第1詩集「AFTER」(1998)で第4回中原中也賞受賞。
第2詩集「RAINBOW」で高見順賞最終候補。
第3詩集「誕生」で現代詩花椿賞と晩翠賞最終候補。
第4詩集「地球頭脳詩篇」で第47回晩翠賞受賞(2006)。
日本経済新聞誌上等にて「若手詩人の旗頭的存在」と目される。
第5詩集「入道雲 入道雲 入道雲」
第6詩集「黄金少年」(2009)。
詩人・谷川俊太郎さんとの共著「にほんごの話」(2010)。

震災以降、地震・津波・原子力発電所事故の三重苦に見舞われた福島から、Twitterにて「詩の礫」と題した連作を発表し続ける。
アカウント(@wago2828)
海外でもフォロワーによって多言語に翻訳され、オランダの世界的コンサートホール、コンセルトヘボウにて行われた東日本大震災追悼コンサート(主催:ロイヤル・コンセルトヘボウ・オーケストラ/ジャパンフェスティバル財団)に招致、世界三大オーケストラであるロイヤル・コンセルトヘボウ・オーケストラと共演、詩の礫を朗読し、被災地が抱える思いを発信する(2011年5月)。

2011年6月、これらの作品群を、
「詩の礫」(徳間書店)=新潮ドキュメント賞および鮎川信夫賞最終候補、
「詩の黙礼」(新潮社)=萩原朔太郎賞および高見順賞 最終候補、
被災者と和合との対談と 新作詩で綴る「詩の邂逅」(朝日新聞出版)として書籍化、3冊同時出版。
これらの作品の一部は、これまで、作曲家・新実徳英氏、伊藤康英氏、上田益氏、信長貴冨氏、高嶋みどり氏の手によって合唱曲や歌曲として完成、また、女優・吉永小百合氏により国内外で朗読されるなど、世に広く送り出され始めている。
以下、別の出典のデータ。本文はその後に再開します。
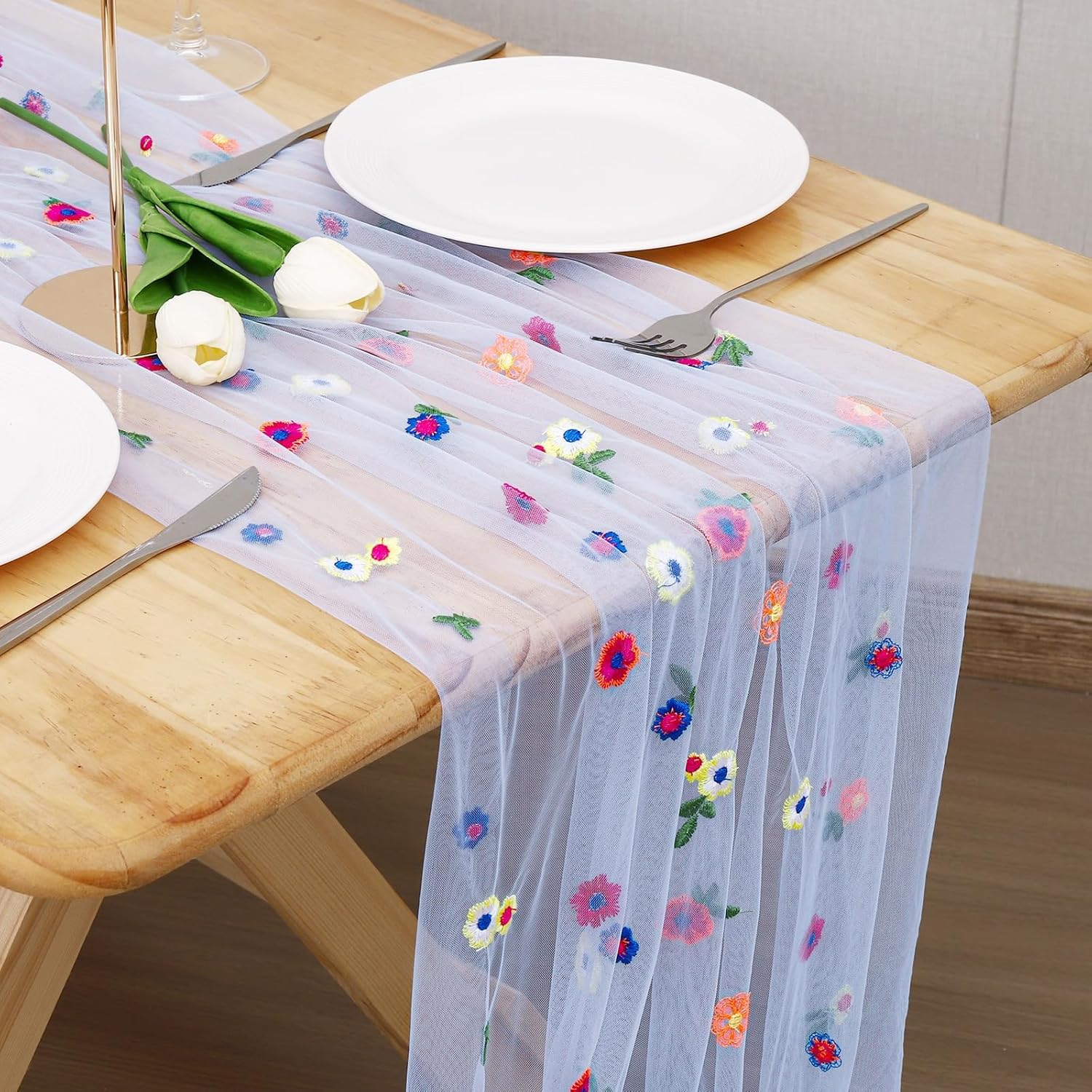 Blue Floral Table Runner 10 FT, Embroidery Daisy Table Runners Seasonal Sheer Tulle Table Runner for Thanksgiving Wedding Birthday Baby Shower Party
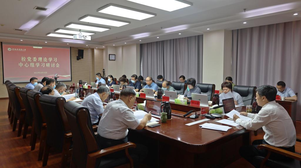 本网讯(文/王赞 图/吴晋一)2022年6月15日上午,校党委理论学习中心组在教学实验综合大楼BS605召开学习研讨会,就《“十四五”中医药发展规划》等内容进行学习交流。会议由校长许二平主持,校党委理论学习中心组全体成员参加。

2011年5月には、ギタリストで世界的に活動する音楽プロデューサーの大友良英氏、元スターリンの遠藤ミチロウ氏とともにPROJECT FUKUSHIMA!を立ち上げ、終戦記念日でもある8月15日、福島の今を見つめ、世界に発信する世界同時多発イベントを開催。
坂本龍一氏のピアノ、大友良英氏のギターと共演・「詩の礫」を朗読。
イベントは1万3千人の来場者をあつめ、インターネットでは世界25万人の視聴を記録した。
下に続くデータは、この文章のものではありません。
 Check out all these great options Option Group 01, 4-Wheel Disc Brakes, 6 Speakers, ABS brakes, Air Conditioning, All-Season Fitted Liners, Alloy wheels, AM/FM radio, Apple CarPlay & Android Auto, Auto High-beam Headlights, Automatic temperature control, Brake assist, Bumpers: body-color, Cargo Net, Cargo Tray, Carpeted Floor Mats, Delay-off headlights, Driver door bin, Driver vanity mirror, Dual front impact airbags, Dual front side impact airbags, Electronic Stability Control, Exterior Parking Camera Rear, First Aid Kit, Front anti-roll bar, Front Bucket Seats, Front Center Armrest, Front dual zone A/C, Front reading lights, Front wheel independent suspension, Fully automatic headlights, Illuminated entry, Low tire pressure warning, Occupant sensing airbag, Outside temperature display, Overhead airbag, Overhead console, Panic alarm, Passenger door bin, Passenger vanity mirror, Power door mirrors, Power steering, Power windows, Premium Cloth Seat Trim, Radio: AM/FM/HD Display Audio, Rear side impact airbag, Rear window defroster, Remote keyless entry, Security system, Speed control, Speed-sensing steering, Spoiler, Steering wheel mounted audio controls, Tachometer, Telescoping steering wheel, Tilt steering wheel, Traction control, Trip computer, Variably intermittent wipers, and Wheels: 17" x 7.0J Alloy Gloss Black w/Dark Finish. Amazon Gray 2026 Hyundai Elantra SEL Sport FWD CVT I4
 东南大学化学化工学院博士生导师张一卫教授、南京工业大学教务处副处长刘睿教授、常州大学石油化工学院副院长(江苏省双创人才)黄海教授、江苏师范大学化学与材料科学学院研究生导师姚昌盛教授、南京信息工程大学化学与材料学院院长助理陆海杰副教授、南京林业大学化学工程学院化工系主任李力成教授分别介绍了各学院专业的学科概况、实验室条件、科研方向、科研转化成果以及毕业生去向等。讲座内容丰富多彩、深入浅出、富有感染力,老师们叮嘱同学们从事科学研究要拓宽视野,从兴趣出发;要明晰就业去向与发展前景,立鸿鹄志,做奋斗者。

ドイツの作曲家シュテファン・ハーラップ氏、フランスの写真家ティエリ・ジラール氏とともに、それぞれ震災にまつわる作品の共同制作を進行。

2011年12月、佐渡裕氏指揮の「サントリー 1万人の第九」冒頭では、南三陸町の防災庁舎前から作品「高台へ」(『詩ノ黙礼』より)を朗読、追悼の想いを捧げる。

震災から1年の2012年春、福島の25人に和合が一人一人の震災からの現実や想いを聴きとったインタビュー集「ふるさとをあきらめない:フクシマ25人の証言」(新潮社)、弔い・慰藉・祈り・希望・鎮魂と再起を願う詩篇と、甚大な被害をこうむった南三陸町在住の写真家が撮った美しいふるさとの写真とのコラボレーションによる写真詩集「私とあなた、ここに生まれて」(明石書店)、ジャーナリスト佐野眞一氏との対談集「言葉に何ができるのか~3.11を越えて」(徳間書店)、震災からの1年を詩とエッセイで綴る魂の記録「ふたたびの春に―震災ノート」(祥伝社)、の4冊を刊行。

2012年3月発行の河北新報3.11大震災復興企画 詩・楽曲集「ありがとうの詩」では、東日本大震災直後から宮城県に寄せられた支援に感謝の気持ちを伝えようと公募された「ありがとう」をテーマとした50作品を審査している。
日本マンガのアメリカ市場を開拓したTOKYOPOP社の創立者であるスチュウ・リービー氏が、東日本大震災の直後から被災者支援ボランティアをしながら撮影したドキュメンタリー映画『PRAY FOR JAPAN ~心を一つに~』に作品を提供、俳優 鈴木京香氏が朗読。この映画は全米16都市で公開、日本でも、震災から一年の区切として、ワールドプレミアイベント上映会などが行われた。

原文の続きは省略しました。